Sunday, May 2, 2010

What is the Difference Between a Patent, a Trademark, and a Copyright? by Daniel Gibbs

Intellectual property is protected by international and U.S. law, just as it would be your car or savings account. You can earn profit from property intellectual rights, you have the option to lease or sell them, and by using patents, trademarks and copyrights, you can also protect them.

If you want to have protection within the United States, you must have a patent issued by USPTO. There are patent rights organizations for international markets also. If you own a patent of something, you have the exclusive right to produce and market your invention for 20 years. Is someone wants to make it, license it, use it, sell it, or even offer to sell it has to have your permission.

If you want to patent an idea of yours, you must be prepared the patent application is lengthy and expensive, and there is also no guarantee you will get it. In 2007 USPTO received 485,000 applications, but issued only 93,691 patents.

If you apply for a patent, you can opt for three categories: utility patents are for processes, machines and item compositions, such as certain drug formulas. Design patents protect the appearance and design for clothing, protective gear and characters. Plant patents are for the protection of hybrid and genetically engineered plants.

However, there are things that can not be patented, such as abstract ideas. These can be protected by copyright, if they are written down. Illegal things and physical elements like water or iron also can not be patented.

Trademarks are things like words, names, logos, colors or sounds associated with a particular merchandise or service. Trademarks have the role of preventing the competitors to use the same logos or names to confuse consumers. Trademarks are issued for ten years, and you can renew it as long as you use t in your business. There is no possibility to renew a trademark if the company it belongs to is not operating.

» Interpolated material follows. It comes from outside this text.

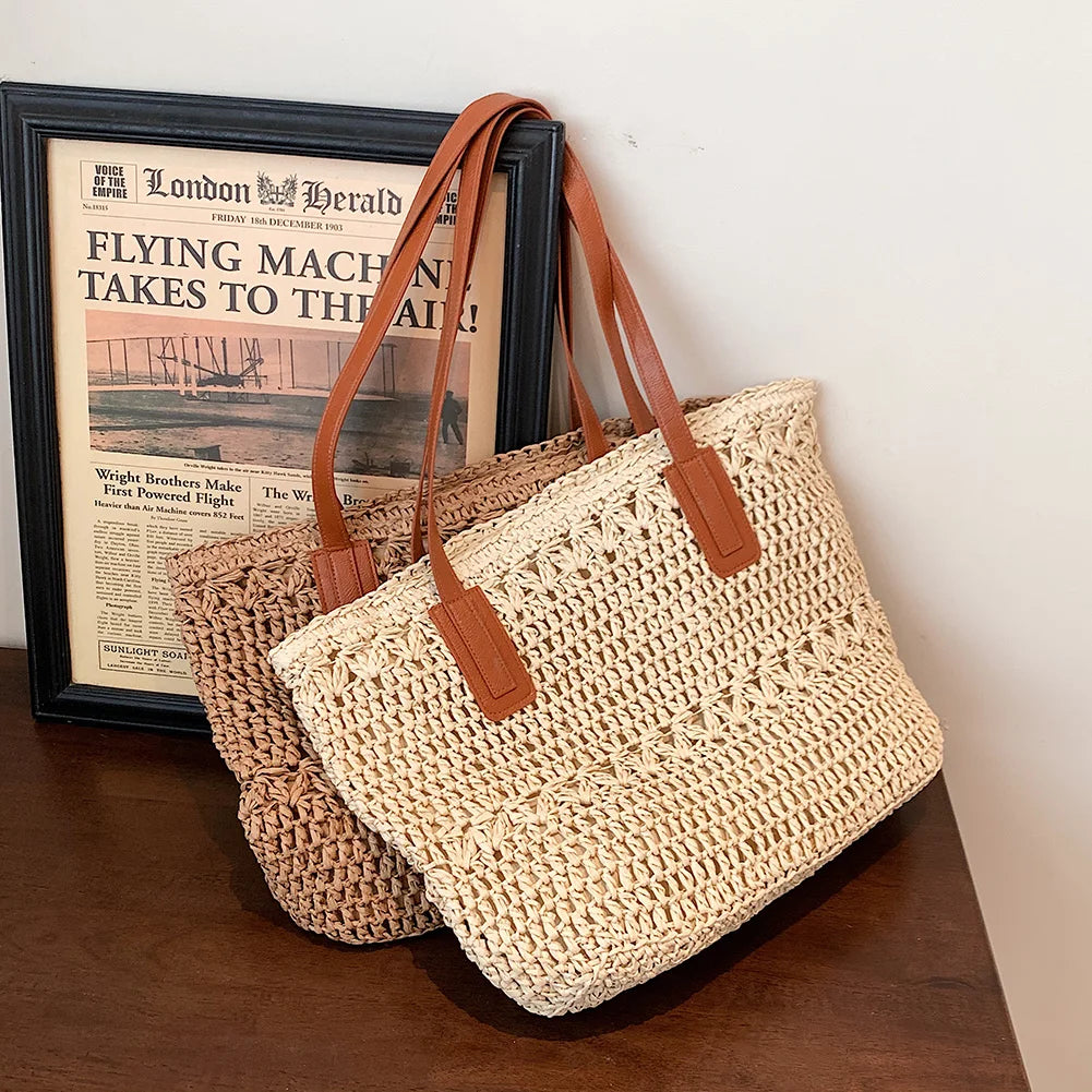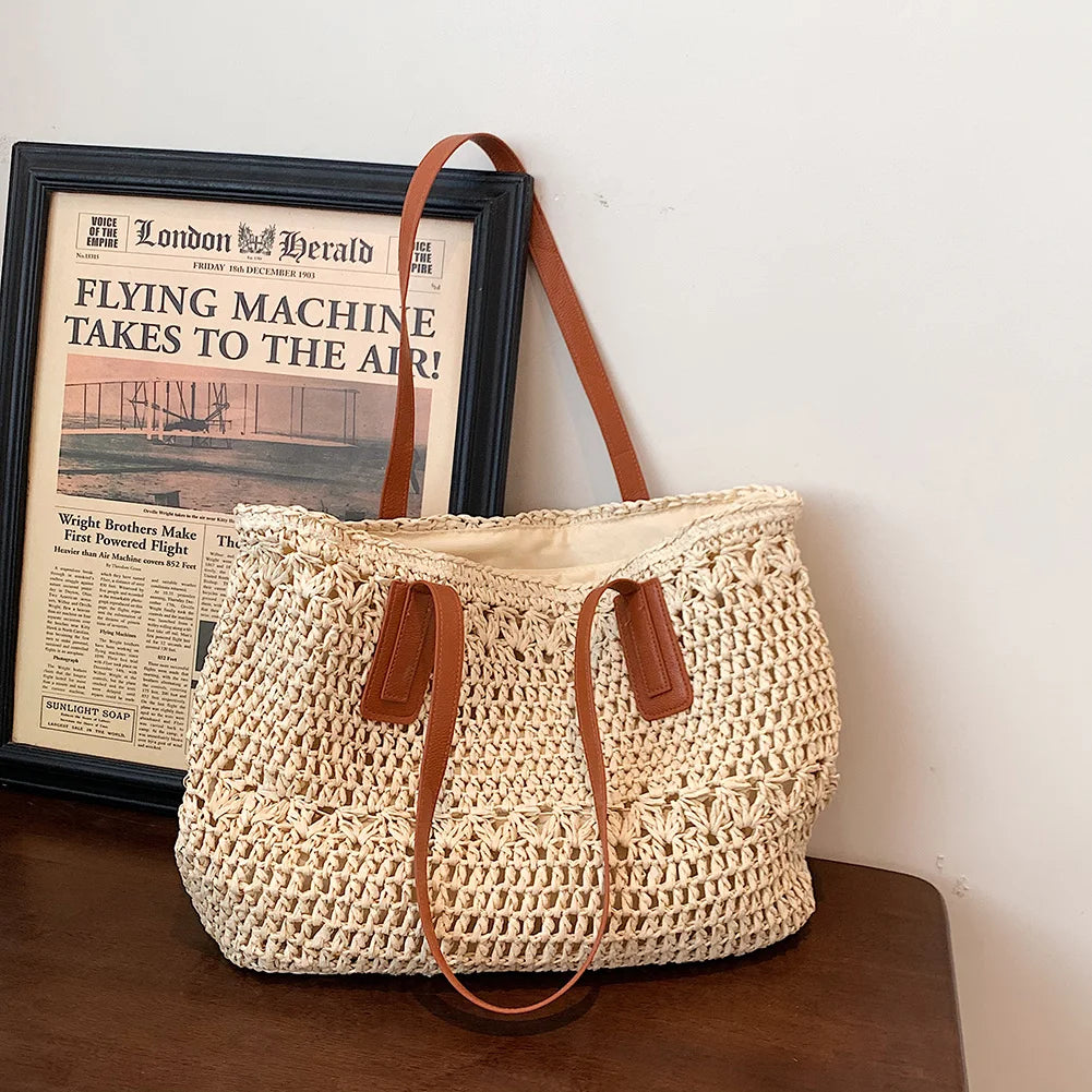 Vintage Woven Shoulder Bag Straw Beach Bohemian Summer Vacation

Copyrights are for the protection of any artistic work, form poetry to video games and movies. Even choreography can be copyrighted, if it is written down. Copyrights can be registered thorough the U.S. Library of Congress, and they take effect once the idea is created in some fixed form. With other words, an idea in your head can not be copyrighted, it has to be written down. Copyright lasts as long as the creator lives, plus 70 years for things created before January 1, 1978. For the work created before, there is a maximum of 95 years.

Daniel has been writing articles online for nearly 4 years now. Not only does he specialize in business related issues, you can also check out his latest websites on conference call UK and Hon Filing Cabinets.